Snowflake Servers
Note: The following is an extract of the transcript from an interview I gave in 2018, after my talk at the Centiq Experts Forum that year. It’s also published on the Centiq blog and more recently reproduced on my LinkedIn. Photo by Marc Newberry on Unsplash.
What are snowflake servers and why does this happen?
This is a term that comes from the Visible Ops Handbook (you can read more about it on Martin Fowler’s blog) – and essentially it’s the problem where, over time, the processes around your IT infrastructure become inconsistent. So, the reasons that choices were made becomes lost as different people manage different systems — and trying to keep them alive becomes a real manual, and therefore error-prone, process.
No two snowflakes are alike — and essentially, it’s the same situation here, with snowflake servers.
What are the cost and consequences of this?
The configuration of these servers starts to diverge over time, so you start to see differences in infrastructure when you typically want them to be the same, especially across environments.
Imagine you run a project through both Dev and Test environments and it all works fine, then in the critical Production release, a problem arises. Quite often, the main cause comes from inconsistencies from manual management, so you’re putting critical deadlines at risk and it takes both time and effort to fix.
Then there’s also unplanned events where you might need to solve challenges in Production right away. Making sure that those changes are then reflected back into your Pre-production environments is crucial, or you end up with Pre-production configuration drift, which increases both project and service risk.
Worse still, this is latent risk. It can creep up and hit you some time in the future, increasing costs, pushing back deadlines, introducing downtime and more.
Where should people start in trying to fix this?
Traditionally people turn toward change control mechanisms. It gets associated with a big process and change advisory boards, which don’t happen often and actually start to slow changes down.
So the need to control changes comes really from trying to maintain stability and remove risk. The flip side of that is that they inhibit innovation and prevent business-driven changes going through.
The following extract from the 2014 State of DevOps report shows what we mean here:
“Peer-reviewed change approval process. We found that when external approval (e.g., change approval boards) was required in order to deploy to production, IT performance decreased. But when the technical team held itself accountable for the quality of its code through peer review, performance increased. Surprisingly, the use of external change approval processes had no impact on restore times, and had only a negligible e ect on reducing failed changes. In other words, external change approval boards had a big negative impact on throughput, with negligible impact on stability.”
The more forward thinking and agile way of looking at this is through automation processes. Ultimately, consistency is repetition by definition — and this is what computers are great at anyway.
This requires a level of understanding and expertise and strategy, so it’s not easy if you haven’t done it before — but it helps deliver the same outcome at scale and reduced operational cost.
This is especially important in a cloud world — where you are potentially thinking of scaling massive amounts. If you do this manually across that scale, it just isn’t feasible. You also want to remove human intervention where possible, which necessarily means some level of automation.
What are the key technologies to fixing this?
The first thing is to be clear that you can’t deliver this outcome looking at technology alone. It’s about People, Process and Technology.
But once you do get down to the technology level, key tools typically include Chef, Puppet, Ansible, Salt.
The open source tooling is what we lean toward at Centiq because they’re open technologies, which helps when working with cutting edge technologies such as SAP HANA, you are free to develop those bits yourself and contribute them back into the wider open source community.
Another reason is they have a huge community inputting. It’s built by people who are passionate enough about making it work that they will even do it in their spare time.
What’s the role of software thinking in hardware work?
Infrastructure as code is much more than just having automation. The software-engineering mindset has brought not just how to write code, but how to manage it, how to test it, how to release it, how to integrate into your processes.

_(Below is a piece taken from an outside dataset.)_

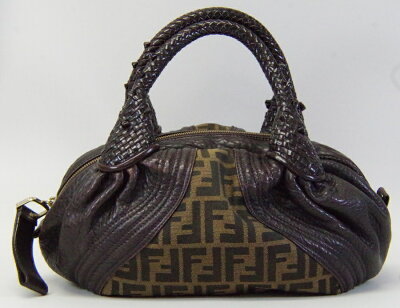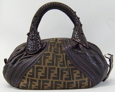 FENDI 【フェンディ】 ズッカ柄 ミニスパイバッグ ハンドバッグ キャンバス×レザー カーキ×ブラウン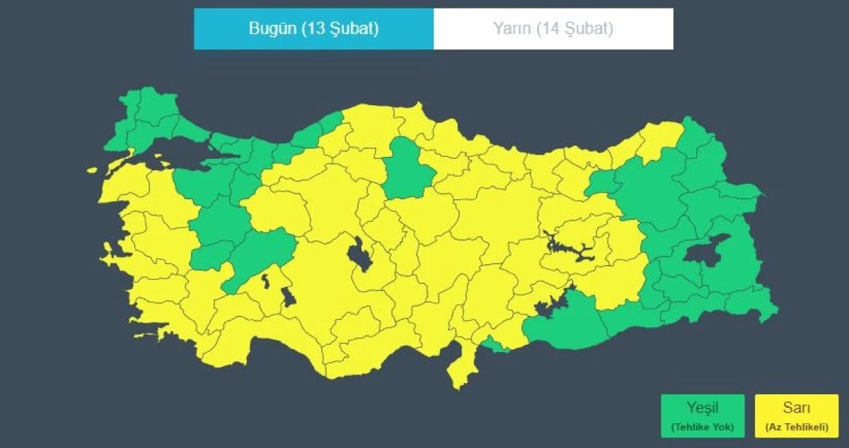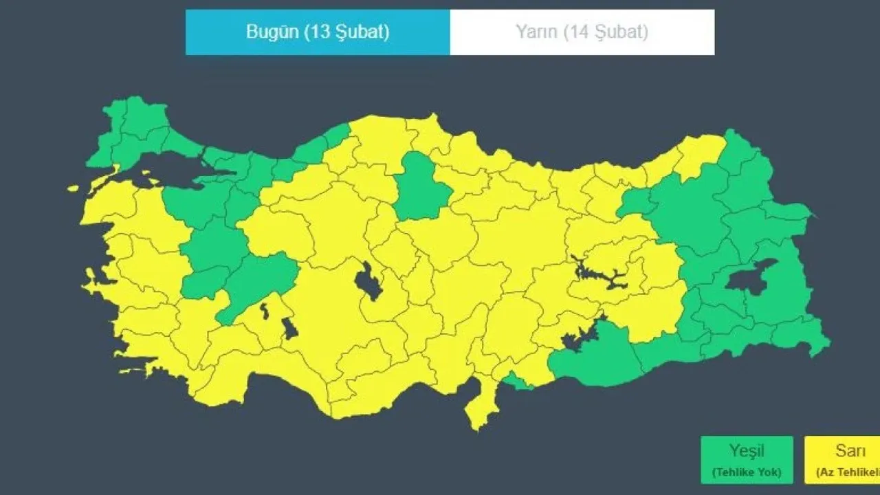 Cuma 13 Şubat 2026: Yurt genelinde yağışlı hava hakim. Marmara, Ege, Akdeniz, İç Anadolu ve Karadeniz bölgelerinde sağanak ve yer yer gök gürültülü sağanak yağış bekleniyor. Doğu Anadolu’nun yüksek kesimlerinde ise karla karışık yağmur ve kar yağışı öne çıkıyor.

When you apply that to an infrastructure world, it moves away from relying on a subject matter expert (SME) to get stuff done, but rather it’s in the code itself. When you put that into the software, those long feedback loops reliant on SMEs start to disappear. So if things are going to go wrong, or you need to fix them, all that info is in one place, version-controlled, with no need to rely on experts for business as usual activities.
So it’s almost about people making themselves less crucial for maintaining the basics, to free them up to solve the real problems?
Absolutely, hit the nail on the head. It’s very natural for people to want to protect their own jobs a bit, but the mindset needs to be that we’re here to do the real thinking that computers can’t do — the complex thinking — move anything repeatable into the work the computer does.
And in both cases it’s about centralisation?
That’s right — some of what comes from the DevOps world is transparency, making sure there aren’t blockers in the way.
If you are moving that info down into the code, and making that investment something that can be shared much more easily, that’s when you’re winning.